Oh really? By remineralizing it, you mean add some of those Fluval Shrimp Mineral Supplement until gH is about 4-5 correct?

I will do that then. Won't need to do a H20 change at this point correct?


----------



## HiepSTA (Aug 23, 2011)

i would do a water change just in case the pH down starts to work now that theres minerals in the tank, if it kicks in after you added the minerals then i feel like you may have already overdosed the tank. you know what i mean?

how big is the tank?


----------



## MsNemoShrimp (Apr 25, 2011)

HiepSTA said:


> i would do a water change just in case the pH down starts to work now that theres minerals in the tank, if it kicks in after you added the minerals then i feel like you may have already overdosed the tank. you know what i mean?
> 
> how big is the tank?


It is a 5.5 gallon tank. So should I just take out a couple gallons then?


----------



## HiepSTA (Aug 23, 2011)

omg yes hahaha, the .5ml i put in was about 6 drops


----------



## Bahugo (Apr 18, 2011)

So wait you are using 100% RO water and have a ph of 7.6?


----------



## PC1 (May 21, 2010)

Bahugo said:


> So wait you are using 100% RO water and have a ph of 7.6?


This confused me as well, I would test the waters PH going into the tank. Something is seriously off somewhere if you have no stones in a 5.5g and its fluctuating up that high. Should be around 6 or so.


----------



## MsNemoShrimp (Apr 25, 2011)

Bahugo said:


> So wait you are using 100% RO water and have a ph of 7.6?


I find that weird as well. The pH off the RO water is 6.8, yet in the tank its reading 7.6? Just Manzanita, moss and cholla.



PC1 said:


> This confused me as well, I would test the waters PH going into the tank. Something is seriously off somewhere if you have no stones in a 5.5g and its fluctuating up that high. Should be around 6 or so.


It was around 6.5 before adding in the shrimps, not sure how it rose to 7.6pH lately :frown:


----------



## james0816 (Jun 26, 2008)

Well this certainly has sparked my interested.

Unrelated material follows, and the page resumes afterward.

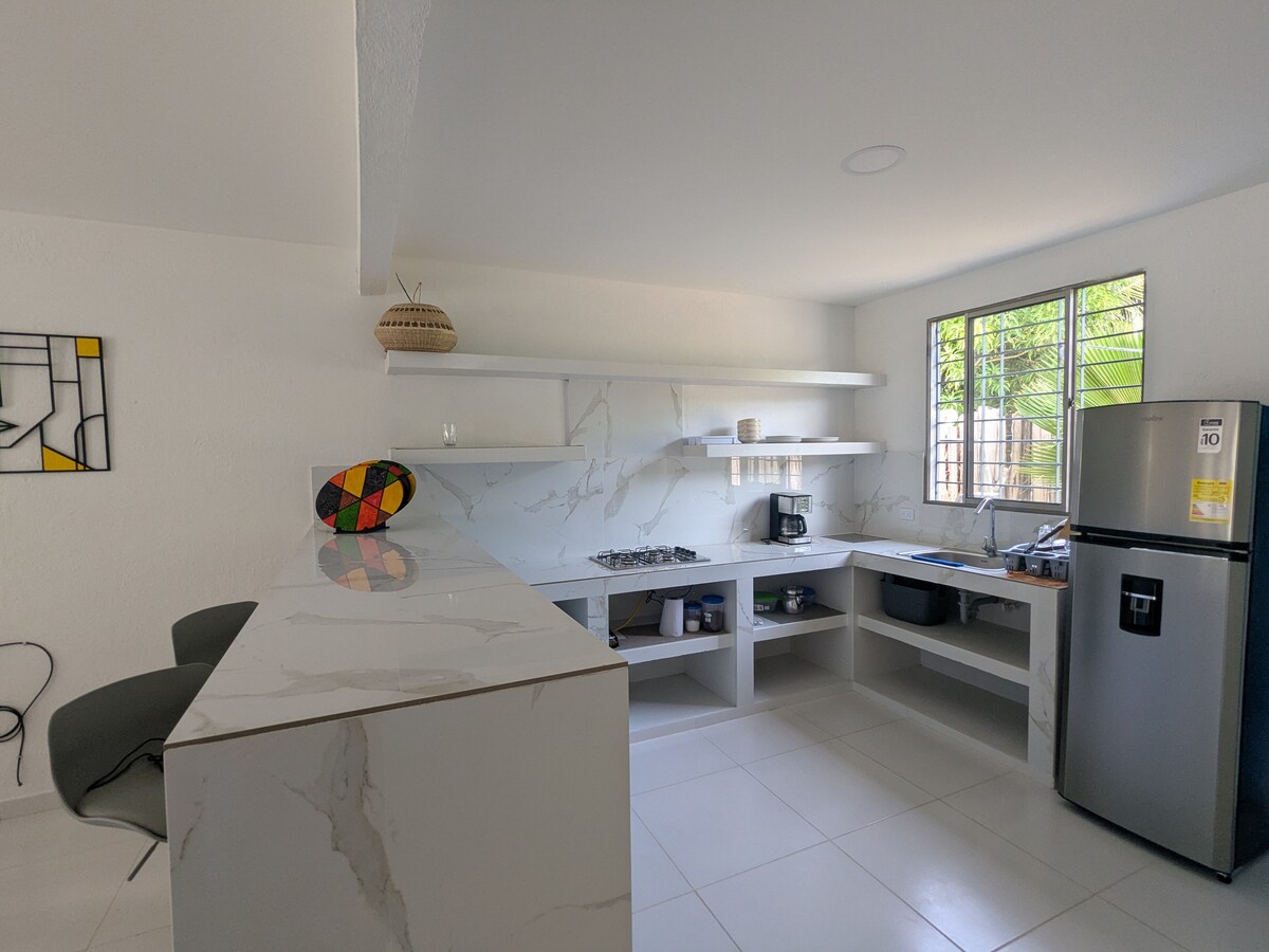 Exclusive beachfront studio apartment, where the beach literally comes to your door. The Caribbean Sea awaits you 40 steps from your bed, in the quietest and most paradisiacal area of Rincón del Mar. Enjoy a spacious, private, clean and comfortable space. We offer you information to make the most of your stay: transportation, parking, tours and activities. Live the unique experience of waking up in your little house in front of the sea, next to delicious restaurants and the best spot for an epic sunset!

By chance do you have a GH/KH test kit? Would definately like to see before and after test results.

Also, what type of substrate might you have in there?

Oh...and friendly piece of advice...toss the pH chems in the bin.


----------



## Jaguar (Oct 13, 2011)

james0816 said:


> Oh...and friendly piece of advice...toss the pH chems in the bin.


+1 

Also, HiepSTA got it backwards. RO water having no buffering capacity means using chemicals should cause your pH to swing wildly - buffers are what help it hold a stable pH, ie. through the nitrate cycle, which produces constant acids that would make your pH bottom out over time if you had no buffers whatsoever. 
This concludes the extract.